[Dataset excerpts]
-------------------------
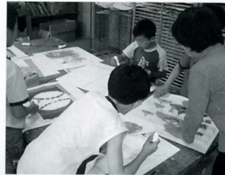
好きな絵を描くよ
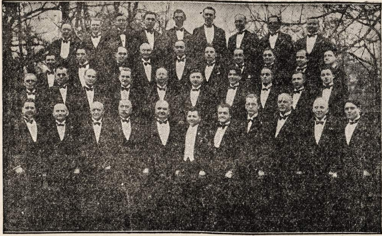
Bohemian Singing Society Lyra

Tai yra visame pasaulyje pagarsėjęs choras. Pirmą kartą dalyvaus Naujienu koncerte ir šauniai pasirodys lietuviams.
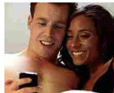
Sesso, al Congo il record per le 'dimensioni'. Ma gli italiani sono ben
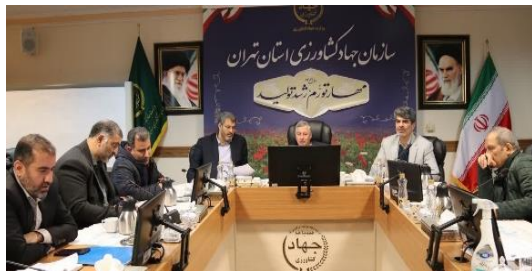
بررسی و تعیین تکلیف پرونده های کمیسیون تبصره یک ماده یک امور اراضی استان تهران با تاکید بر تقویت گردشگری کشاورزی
-------------------------
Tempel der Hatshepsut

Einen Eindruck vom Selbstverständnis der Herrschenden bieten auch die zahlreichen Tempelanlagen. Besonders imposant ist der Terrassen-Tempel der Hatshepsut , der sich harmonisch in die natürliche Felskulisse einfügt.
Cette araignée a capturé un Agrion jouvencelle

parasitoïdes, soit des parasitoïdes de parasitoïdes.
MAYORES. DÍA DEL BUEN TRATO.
-------------------------
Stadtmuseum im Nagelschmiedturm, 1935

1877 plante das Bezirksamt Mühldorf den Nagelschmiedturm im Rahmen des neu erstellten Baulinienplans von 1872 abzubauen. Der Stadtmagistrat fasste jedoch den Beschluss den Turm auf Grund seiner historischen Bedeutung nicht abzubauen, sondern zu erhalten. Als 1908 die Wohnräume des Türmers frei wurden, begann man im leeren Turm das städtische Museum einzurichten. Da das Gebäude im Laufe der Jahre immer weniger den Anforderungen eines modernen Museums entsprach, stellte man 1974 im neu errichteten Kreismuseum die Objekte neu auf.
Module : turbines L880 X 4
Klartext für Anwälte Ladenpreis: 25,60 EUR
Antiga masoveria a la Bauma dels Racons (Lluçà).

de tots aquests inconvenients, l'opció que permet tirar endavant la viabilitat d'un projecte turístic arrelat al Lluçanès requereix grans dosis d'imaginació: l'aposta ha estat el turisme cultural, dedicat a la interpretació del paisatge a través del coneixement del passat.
-------------------------
* [Activity] Using the records above, print exactly the run of lines that starts with the line with "Tai yra visame" and goes on through the line with "بررسی و تعیین", pictures excluded.

* [Expected answer]
Tai yra visame pasaulyje pagarsėjęs choras. Pirmą kartą dalyvaus Naujienu koncerte ir šauniai pasirodys lietuviams.
Sesso, al Congo il record per le 'dimensioni'. Ma gli italiani sono ben
بررسی و تعیین تکلیف پرونده های کمیسیون تبصره یک ماده یک امور اراضی استان تهران با تاکید بر تقویت گردشگری کشاورزی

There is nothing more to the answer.